# [Exercise material]
=-=-=
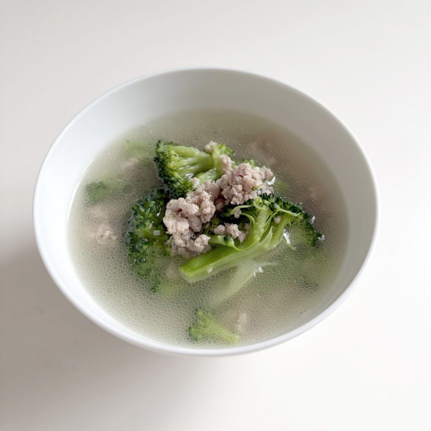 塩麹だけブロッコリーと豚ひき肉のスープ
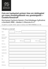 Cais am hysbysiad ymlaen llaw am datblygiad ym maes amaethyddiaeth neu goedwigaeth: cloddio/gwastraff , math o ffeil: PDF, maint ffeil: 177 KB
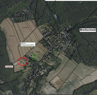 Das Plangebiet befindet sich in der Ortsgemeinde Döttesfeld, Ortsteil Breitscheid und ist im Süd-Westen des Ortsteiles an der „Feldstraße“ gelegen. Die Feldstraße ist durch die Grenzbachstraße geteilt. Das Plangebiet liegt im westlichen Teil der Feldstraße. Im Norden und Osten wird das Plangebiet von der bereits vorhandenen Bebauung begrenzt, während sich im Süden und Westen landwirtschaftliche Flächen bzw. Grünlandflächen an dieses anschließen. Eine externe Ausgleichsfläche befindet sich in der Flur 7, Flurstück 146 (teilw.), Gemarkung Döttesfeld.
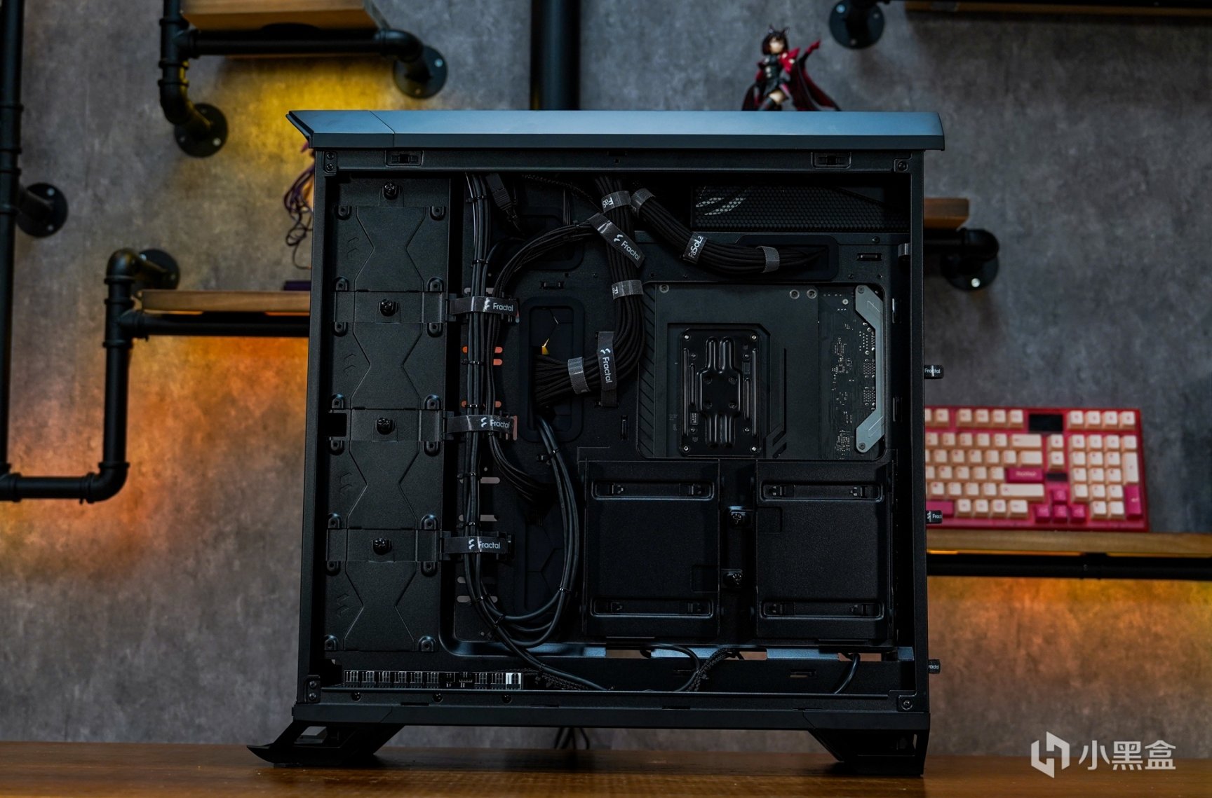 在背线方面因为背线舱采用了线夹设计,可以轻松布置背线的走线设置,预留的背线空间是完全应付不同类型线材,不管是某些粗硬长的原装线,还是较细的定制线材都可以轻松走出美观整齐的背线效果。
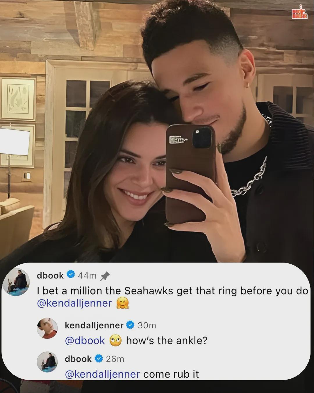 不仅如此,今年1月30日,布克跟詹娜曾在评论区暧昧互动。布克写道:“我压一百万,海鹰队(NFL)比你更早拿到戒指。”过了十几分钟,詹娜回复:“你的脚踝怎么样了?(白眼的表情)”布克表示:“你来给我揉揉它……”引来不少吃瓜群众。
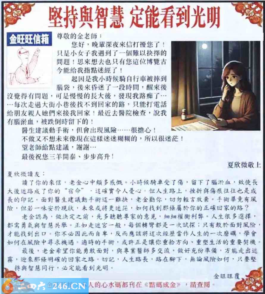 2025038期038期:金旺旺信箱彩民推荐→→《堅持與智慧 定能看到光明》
=-=-=
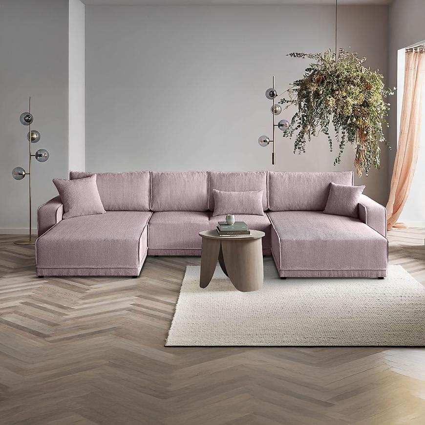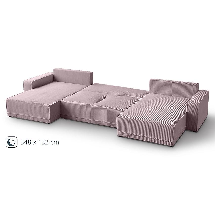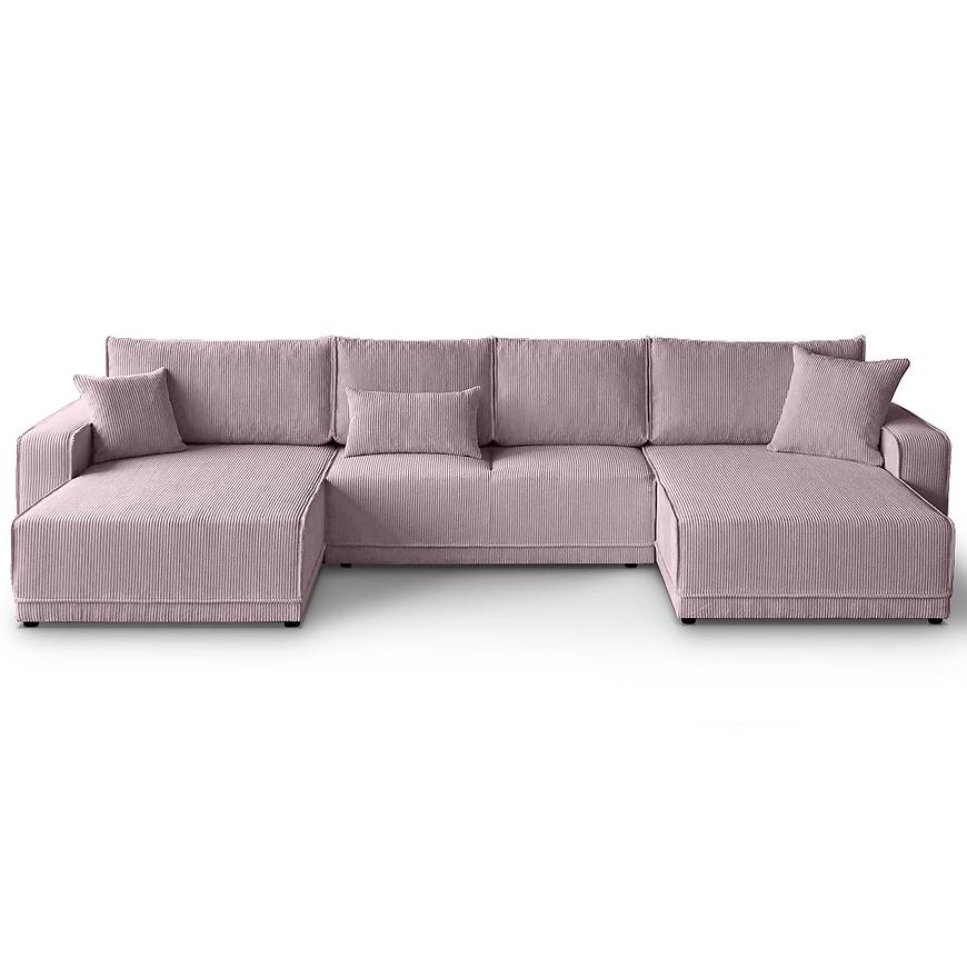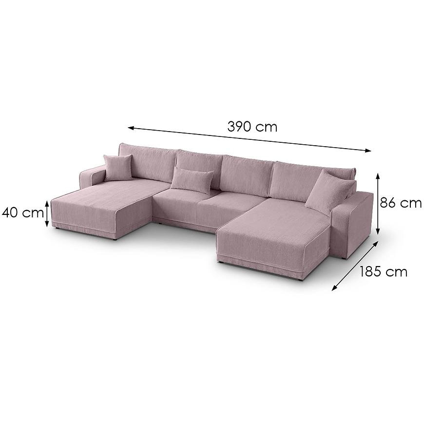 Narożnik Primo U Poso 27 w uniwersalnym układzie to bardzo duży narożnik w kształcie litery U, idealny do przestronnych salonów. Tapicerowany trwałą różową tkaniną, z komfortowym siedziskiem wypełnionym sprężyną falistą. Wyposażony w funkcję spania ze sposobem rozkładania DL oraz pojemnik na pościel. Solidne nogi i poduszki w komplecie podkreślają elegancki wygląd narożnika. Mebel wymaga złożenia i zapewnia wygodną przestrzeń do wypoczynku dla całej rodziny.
=-=-=
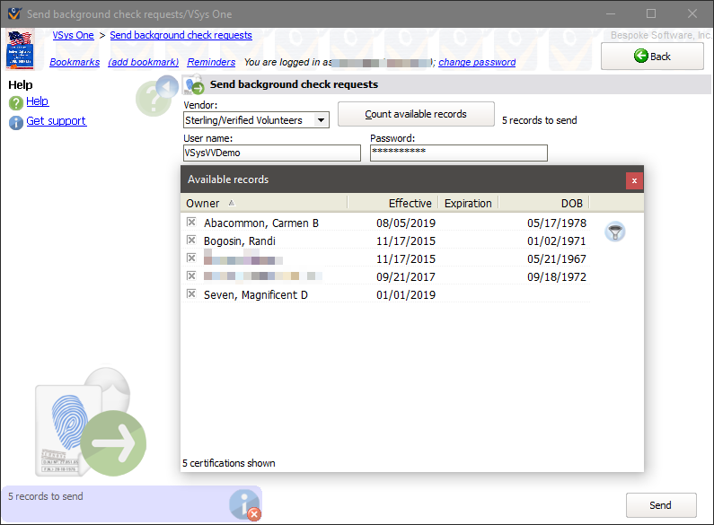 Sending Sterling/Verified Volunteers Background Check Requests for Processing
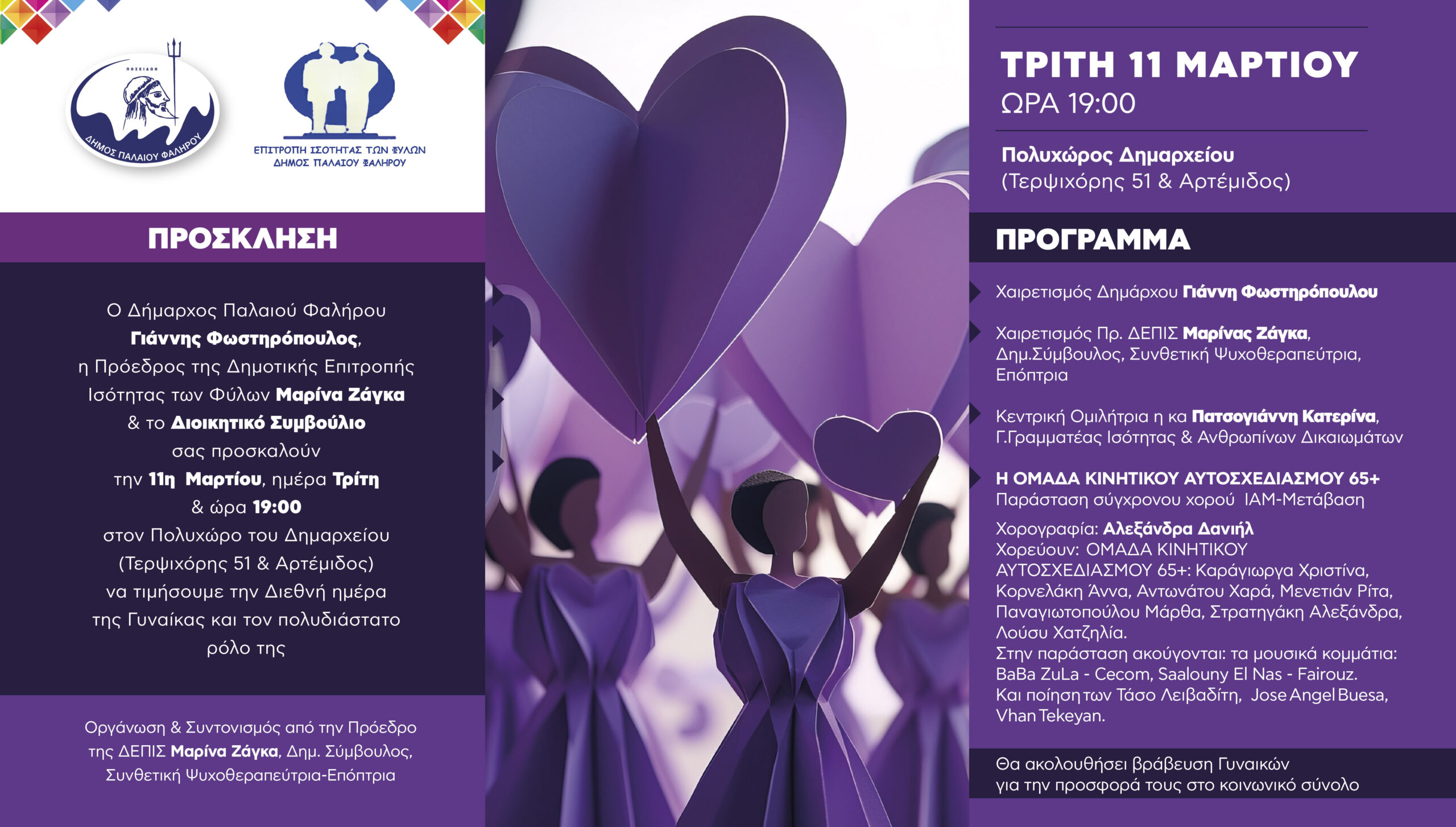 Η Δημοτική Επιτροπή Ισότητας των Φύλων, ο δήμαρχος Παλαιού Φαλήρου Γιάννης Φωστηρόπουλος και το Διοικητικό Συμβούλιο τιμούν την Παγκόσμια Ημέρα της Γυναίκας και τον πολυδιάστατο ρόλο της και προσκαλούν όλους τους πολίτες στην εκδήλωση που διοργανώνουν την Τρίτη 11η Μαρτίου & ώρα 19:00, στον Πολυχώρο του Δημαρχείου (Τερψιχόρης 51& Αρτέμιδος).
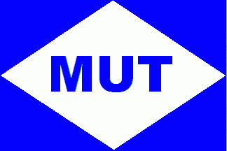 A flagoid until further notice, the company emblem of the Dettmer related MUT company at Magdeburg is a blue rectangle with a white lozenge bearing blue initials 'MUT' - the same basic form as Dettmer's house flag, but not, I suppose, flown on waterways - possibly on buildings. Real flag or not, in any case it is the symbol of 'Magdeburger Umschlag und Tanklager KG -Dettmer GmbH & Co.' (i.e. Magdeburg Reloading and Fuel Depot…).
=-=-=
# [What to do]
Extract from the material above the stretch running from the line containing "塩麹だけブロッコリーと豚ひき肉のスープ" through the line containing "Cais am hysbysiad". Keep the text exact and the pictures out.

# [Finished exercise]
 塩麹だけブロッコリーと豚ひき肉のスープ
 Cais am hysbysiad ymlaen llaw am datblygiad ym maes amaethyddiaeth neu goedwigaeth: cloddio/gwastraff , math o ffeil: PDF, maint ffeil: 177 KB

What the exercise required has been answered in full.